Un dossier hautement sensible

Au cœur du procès : 19 millions de dollars censés financer la construction d’une prison moderne à Kisangani, issus de l’indemnisation versée par l’Ouganda pour les victimes de la guerre des Six Jours (2000). Selon l’accusation, Mutamba aurait orchestré le transfert de ces fonds vers une société jugée fictive, Zion Construction SARL, dans le cadre d’un marché irrégulier de gré à gré.

Le ministère public a requis une peine exemplaire : 10 ans de travaux forcés, 10 ans d’inéligibilité, exclusion des fonctions publiques et privation de libération conditionnelle. Une sévérité justifiée, selon le procureur, par la gravité de l’affaire et la trahison des attentes des victimes de guerre.

Mutamba contre-attaque

Mutamba, 37 ans, clame son innocence et dénonce un « complot politique » visant à briser son ascension. Il assure que l’argent est toujours intact sur un compte bancaire, que le contrat avait été validé par la Première ministre Judith Suminwa, et que l’Inspection générale des finances était informée. Sa défense, forte d’une vingtaine d’avocats, plaide l’acquittement, soulignant la légalité de Zion Construction et contestant la procédure de levée de son immunité.

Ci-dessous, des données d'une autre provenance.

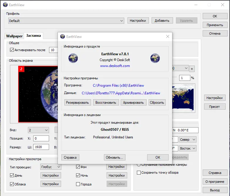 EarthView — это мощное решение для создания впечатляющих визуальных эффектов на рабочем столе и в качестве хранителя экрана. Оно отображает высокодетализированные виды нашей планеты с дневным светом, ночными тенями, атмосферными эффектами, облаками и даже актуальной погодой. Поддерживаются различные карты и проекции глобуса, что позволяет получить максимально качественное и реалистичное изображение. Благодаря многочисленным настройкам и обновляемым данным программа подходит для любителей высокотехнологичных обоев, предоставляя уникальные виды земли, сезонные изменения растительности, снегового и ледяного покрова. Кроме того, в полнофункциональной версии доступны более подробные карты и способы персонализации отображения.

À l’audience, l’ancien ministre n’a pas hésité à se comparer à Patrice Lumumba ou Nelson Mandela, affirmant affronter un procès « téléguidé ».

Un verdict très politique

Le procès Mutamba dépasse le seul cadre judiciaire. Sympathisants mobilisés, dispositif policier renforcé autour de la Cour de cassation, climat électrique : chaque étape résonne comme un test pour l’indépendance de la justice en RDC. Le report du verdict, annoncé dans une salle sous haute surveillance, a encore alimenté les spéculations.

Pour les partisans de Constant, l’affaire illustre une instrumentalisation de la justice destinée à neutraliser une voix critique. Pour d’autres, ce dossier est l’occasion de vérifier si l’État congolais peut réellement lutter contre la corruption, y compris au sommet de l’appareil politique.

Une attente prolongée

Le verdict attendu le 1er septembre sera décisif. Une condamnation renforcerait l’image d’une justice prête à frapper fort contre les détournements, mais au risque d’alimenter les accusations de règlement de comptes. Un acquittement, en revanche, fragiliserait l’action du ministère public et relancerait les débats sur l’efficacité de la lutte anticorruption.

Dans tous les cas, l’affaire Mutamba restera comme un moment charnière : celui où la justice congolaise doit convaincre qu’elle agit au nom de l’intérêt général, et non sous pression politique.